On the master (which was previously a slave)

> > on a few tables. If I look at that specific file, it's only 6 blocks
> > long:
> >
> > # ls -la base/3884037/3885279
> > -rw------- 1 postgres postgres 49152 May 30 12:56 base/3884037/3885279
> >
> > It seems that this is the case on most tables in this state. I havn't
> > seen any error on SELECT and I can SELECT * on the all tables I know
> > have this problem. The database is machine is under reasonable load.
> >
>
> So, the filenodes generating this error belong to a Table ? or an Index ?
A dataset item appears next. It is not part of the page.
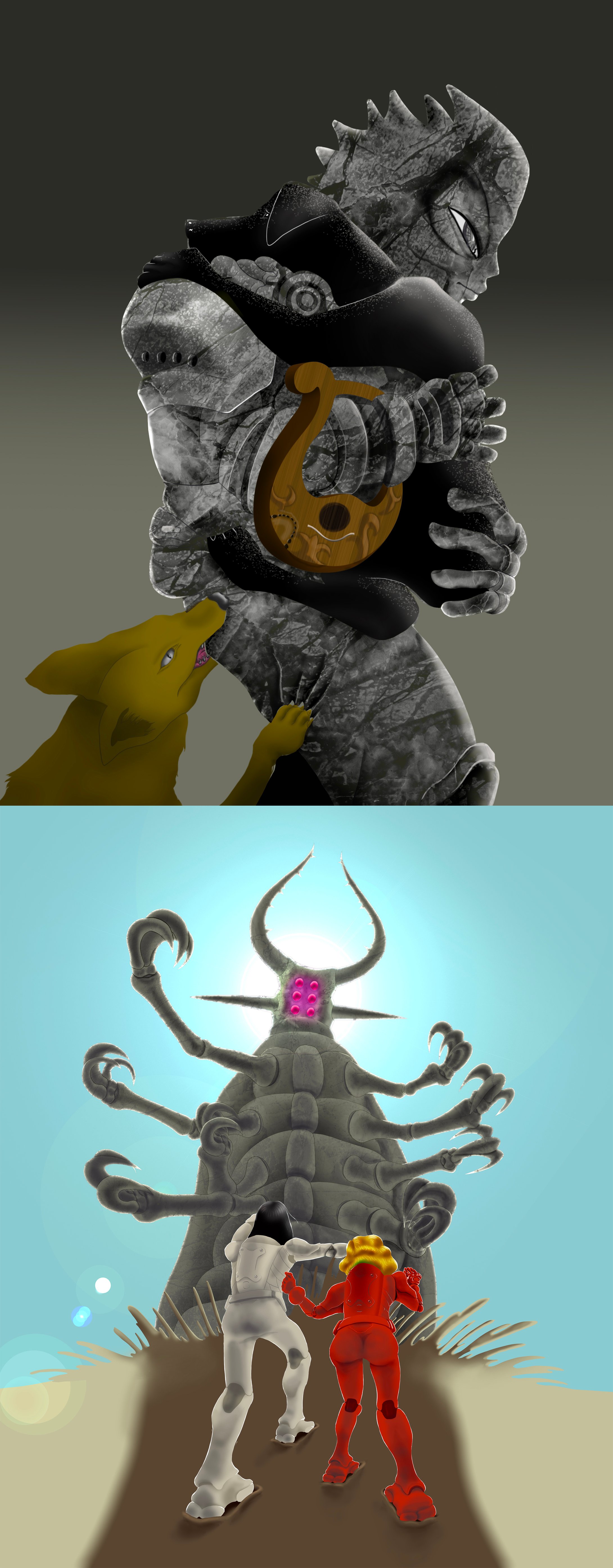 「あった。フリーズ!」スノーはゴーストのパワーを使った。狼達はスローモーションになり、身動きが取れない。スノーは狼の間をよけて竪琴を拾い上げた。スノーの体の硬化は時間切れとなり、岩や土がボトボト落ち始めた。

So far I have found 3 tables with this issue, 2 were pg_statistic in
different databases. The one referenced above is definitely a table:
"design_file".

The usage pattern on that table is to DELETE and later INSERT a few
hundred rows at a time on an occasional basis. The table is very small,
680 rows.

> > On some tables an "ANALYZE tablename" causes the error.

I discovered why ANALYZE raised an error, it was because pg_statistic
was affected. "vacuum full verbose pg_statistic;" fixed it. Hoping any
missing statistics get re-generated.

> > We recently had a streaming replication failover after loading a large
> > amount of data with pg_restore. The problems seem to have started after
> > that, but I'm not perfectly sure.
>
> pg_restore has completed successfully ?

pg_restore did complete successfully

> When pg_restore was running, did
> you see anything suspicious in the postgresql logfiles ?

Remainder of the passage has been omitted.